Bias in reporting of end points of efficacy and toxicity in randomized, clinical trials for women with breast cancer

Abstract

Background

Phase III randomized, clinical trials (RCTs) assess clinically important differences in end points that reflect benefit to patients. Here, we evaluate the quality of reporting of the primary end point (PE) and of toxicity in RCTs for breast cancer.

Methods

PUBMED was searched from 1995 to 2011 to identify RCTs for breast cancer. Bias in the reporting of the PE and of toxicity was assessed using pre-designed algorithms. Associations of bias with the Journal Impact Factor (JIF), changes in the PE compared with information in ClinicalTrials.gov and funding source were evaluated.

Results

Of 164 included trials, 33% showed bias in reporting of the PE and 67% in the reporting of toxicity. The PE was more likely to be reported in the concluding statement of the abstract when significant differences favoring the experimental arm were shown; 59% of 92 trials with a negative PE used secondary end points to suggest benefit of experimental therapy. Only 32% of articles indicated the frequency of grade 3 and 4 toxicities in the abstract. A positive PE was associated with under-reporting of toxicity.

Conclusion

Bias in reporting of outcome is common for studies with negative PEs. Reporting of toxicity is poor, especially for studies with positive PEs.

introduction

Phase III randomized, clinical trials (RCTs) are designed to detect or exclude clinically important differences between experimental and control groups in end points that reflect benefit to patients [1]. Such trials provide the gold standard to evaluate the efficacy and toxicity of new drugs before approval by regulatory authorities [2, 3].
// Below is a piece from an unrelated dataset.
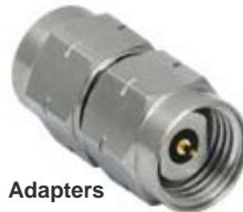
2.4 mm Adapters 7 Choices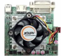
ADE4HV13M NVIDIA 610M GPU

Appropriate design and objective reporting of RCTs in journals are essential to inform clinicians about the activity and safety of new medical interventions. It is good practice to design RCTs with no more than three outcomes for which hypothesis testing is planned [4]. Otherwise multiple significance testing may lead to apparently significant results that occur by chance. These outcomes should normally include at least one end point reflecting potential benefit and at least one reflecting potential harm (e.g. grade 3 and 4 adverse events). Reviews have shown that a substantial proportion of clinical trials have suboptimal reporting of harm—a large number of trials have shown deficiency in the report of toxicity, especially severe toxicity, graded as 3 and 4 [5]. Guidelines such as Consolidated Standards of Reporting Trials can improve the quality of reporting of clinical trials [6].
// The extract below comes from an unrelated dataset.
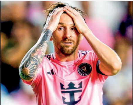
Inter Miami CF's Argentine forward (10) Lionel Messi reacts during the Major League Soccer (MLS) match between Inter Miami CF and Toronto FC at Chase Stadium in Fort Lauderdale, Florida, on 6 April 2025.

On Saturday, Arsenal was held to a 1-1 draw at Everton. Leandro Trossard scored after an assist from Raheem Sterling to put Mikel Arteta's side ahead, but in the second half, Myles Lewis-Skelly's clumsy challenge on Jack Harrison allowed Iliman Ndiaye to equalize from the penalty spot. Quick-fire goals from Morgan Rogers and Donyell Malen saw Aston Villa to a 2-1 win at home against Nottingham Forest. — Xinhua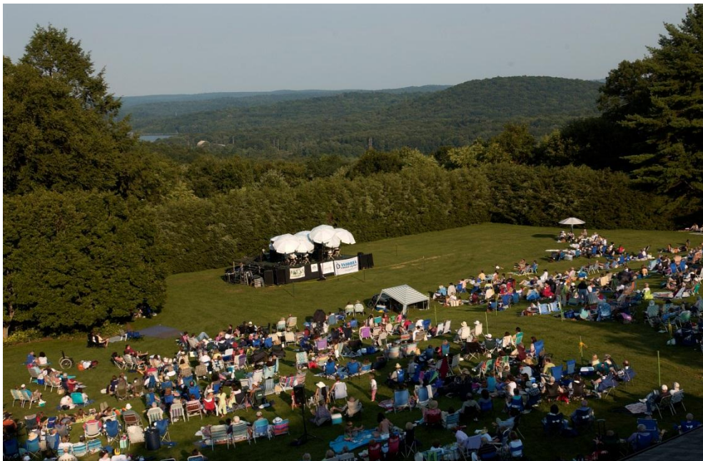
Figure 11 illustrates the total final economic impact of Lasdon Concert. Column 1 shows the output in terms of dollars. Columns 2 and 3 are estimates of the final effect earnings and employment (jobs), on the Westchester County area. The Final-demand Value-added in dollars is shown in Column 4. The Final-demand Value-added factors include direct, indirect, and induced economic impacts. This economic benefit is estimated to be $43,481.

Bias in reporting of clinical trials and selective publication can create false perceptions of drug efficacy and safety. There is evidence for selective reporting of favorable results and suppression of unfavorable data from publication, leading to inappropriate conclusions [2, 7]. This may be influenced by publication bias—the association between positive results and acceptance of reports for publication [4, 8]. Selection bias can affect not only the interpretation of the trial itself but also the interpretation of subsequent systematic reviews or overviews, producing inaccurate summaries of research [2, 9] and misrepresentation of toxicity [10]. Reporting of harms may be viewed as discrediting the reporting of benefits.

Spin, a type of bias, is defined as use of reporting strategies to highlight that the experimental treatment is beneficial, despite a statistically non-significant difference in the primary outcome, or to distract the reader from statistically non-significant results [11]. It is important to recognize the presence of bias and spin in reports of clinical trials, and to evaluate their importance when placing a RCT in context and ascribing a level of credibility [12].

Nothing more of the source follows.